# 30k in personal loans plus 220k mortage. Now income dropped to 45k



## badwithmoney (15 Jun 2009)

Age: 42
Spouse’s/Partner's age: Single

Annual gross income from employment or profession: 45k
Annual gross income of spouse:

Type of employment: e.g. Civil Servant, self-employed : Private Sector
In general are you:
(a) spending more than you earn, or
(b) saving?

Trying to payoff the credit cards which is proving difficult with reduced net pay.

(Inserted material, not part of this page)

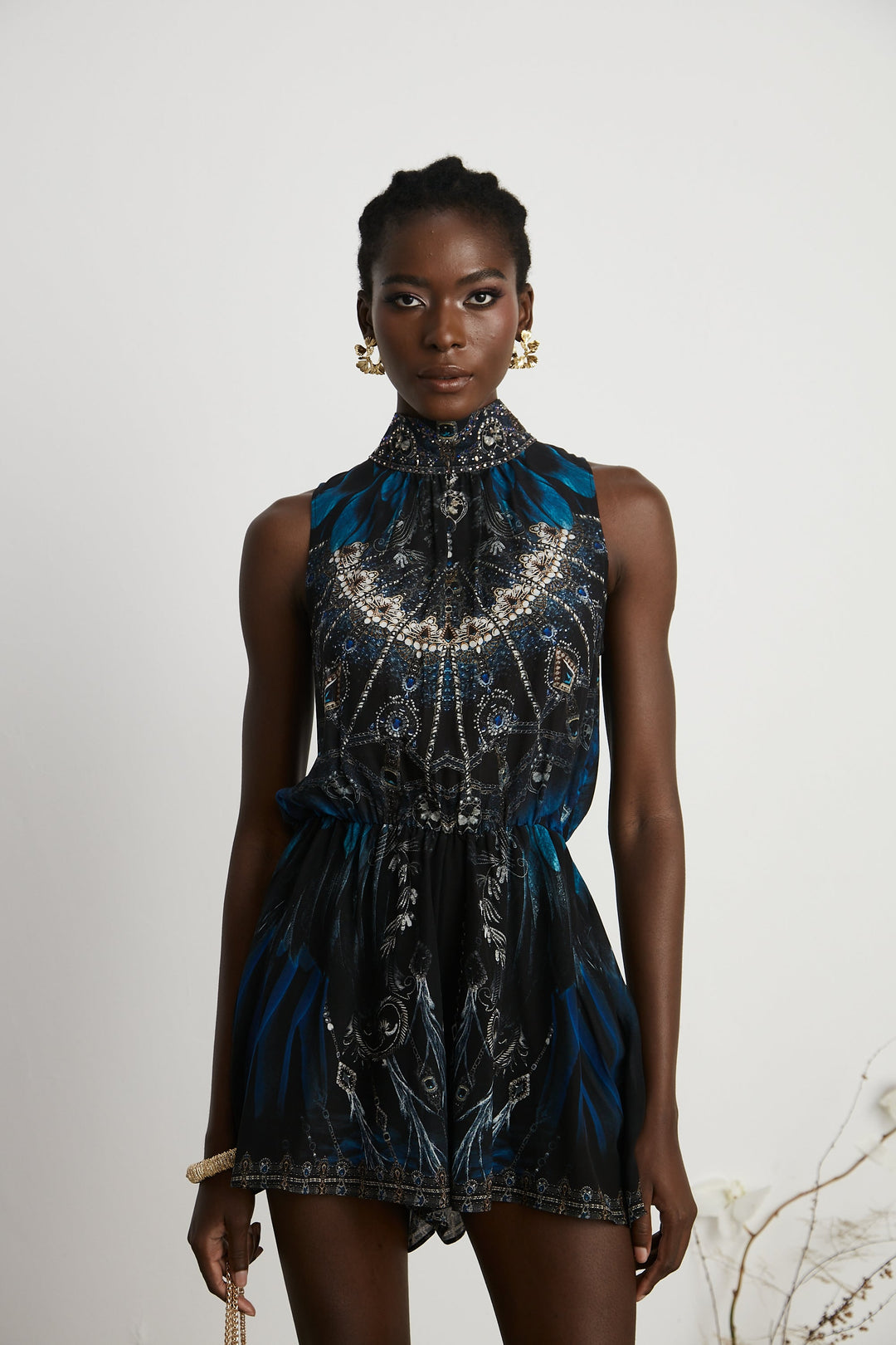 Émilie Siyah Kristal Süslemeli Kadife Mini Elbise

Rough estimate of value of home : 350k
Amount outstanding on your mortgage: 220K
*What interest rate are you paying? 2.5%*

Other borrowings – car loans/personal loans etc 
CAR - 19K

Do you pay off your full credit card balance each month? 
Meeting a little over min repayments only
If not, what is the balance on your credit card? 
C/CARDS 12K

Savings and investments:
None 

Do you have a pension scheme?
Yes but have not paid into since 2006 

Do you own any investment or other property? 
No

Ages of children: 
N/A

Life insurance: 
N/A


*What specific question do you have or what issues are of concern to you?*

*Have 30k in debt plus a mortage of 220k.*
*Made redundant late 08. However have now secured permanent employment albeit at a significant drop in Salary. *

*I am current on 6 month payment holiday from mortage provider/ car loan to enable me to tackle the credit card debts. I have not used the cards since Dec 08, however as the interest continues to mount up i am barely making a dent in them.*

*I missed four payments in late 08 on one credit card and it has affected my credit rating. Before this have had a clean record.*

*Any advice how to approach clearing my credit card/ car loan debt ?*

*Is it possible that my mortage lender would increase my borrowings & term in order to clear my short terms debts and ease up monthly cashflow?*
*OR/*
*Would another lender consolidate the credit card/car loan debt over a longer term.*

*Any advice / suggestions would be appreciated.*


----------



## shoppergal (15 Jun 2009)

hi badwithmoney,

I'm sure other people will be able to advise about best place to consolidate etc but before you do that you really should try and figure out how you've got into such debt. Personally I would consider 45k a year a really good salary so if you've got into debt on a higher salary than that you need to address that or else this time next year you'll have a consolidated loan and all the credit cards run up again. 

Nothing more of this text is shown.